Harry looked away. “Shut up about that. It’s not happening. You want to end up like Carslaw, back in ‘98?”

“Don’t remember him.”

“Yeah, you do. Big guy. Talked about cars all the time?”

“Vaguely.”

“Went into hospital for a hip replacement,” Harry said. “Never saw him again.”

“Died?”

“Escaped. Outran the bastards, him and his dodgy hip.”

“Yeah?”

“Course not, you thick twat. He went under the knife. Didn’t have the heart for it. Went to sleep and never woke up. You don’t remember?”

“Nope.”

“Jesus. Maybe you’re senile already.”

“Fuck off.”

“Can’t speak to you. Don’t know why I bother.”

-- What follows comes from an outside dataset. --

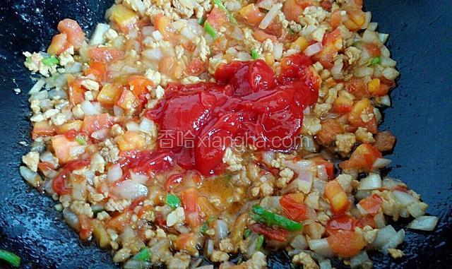 6.加入西红柿丁,炒出水份

Trevor said, “Leave me alone then.”

“I will.”

“Give your pecker a tug.”

“You sure you don’t want to?”

“Fuck off, you dirty bastard.”

“Well,” Trevor said, after a while, “I expect an apology at the very least.”

“For?”

Trevor crossed his arm over his chest. Said nothing.

“Huh?” Harry said. Shook his head. “Okay, I’m sorry I said you were gay.”

“Not that. I don’t care about that.”

“Thought you wanted an apology.”

“I do. But not for the gay remark.”

“Well, what, then?”

“What do you think?”

“Fuck’s sake, how am I supposed to know?”

“Take a wild guess.”

“No,” Harry said. Thought for a minute. “Nope. Nothing.”

Trevor looked him in the eye.

“Well, maybe,” Harry said. He looked down at his hand. He was better with his hand than Trevor was. Maybe because Harry was right-handed.

“Say it.”

Harry sighed. “The robbery? Us ending up here?”

“Great fucking guess. You’re a fucking genius.”

“Sarcasm’s unbecoming.”

“Oh, but robbing a fucking bank without telling me is okay?”

“Didn’t think you’d mind.”

“Like I had any choice.”

“You knew about the gun.”

“Yeah, but how was I supposed to know what it was for?”

“What’d you think if was for?”

“I dunno. Self-defence?”

“Oh, yeah. You really believed that.”

“Lots of kids about, what’re they called, hoodies. You know they’ll fuck us over, pair of old codgers like us, joined at the hip. Anyway, that’s what you said.”

“I lied. You always know when I lie.”

“Not this time.”

Silence. “So, you’re claiming you had no idea? Not even an inkling?”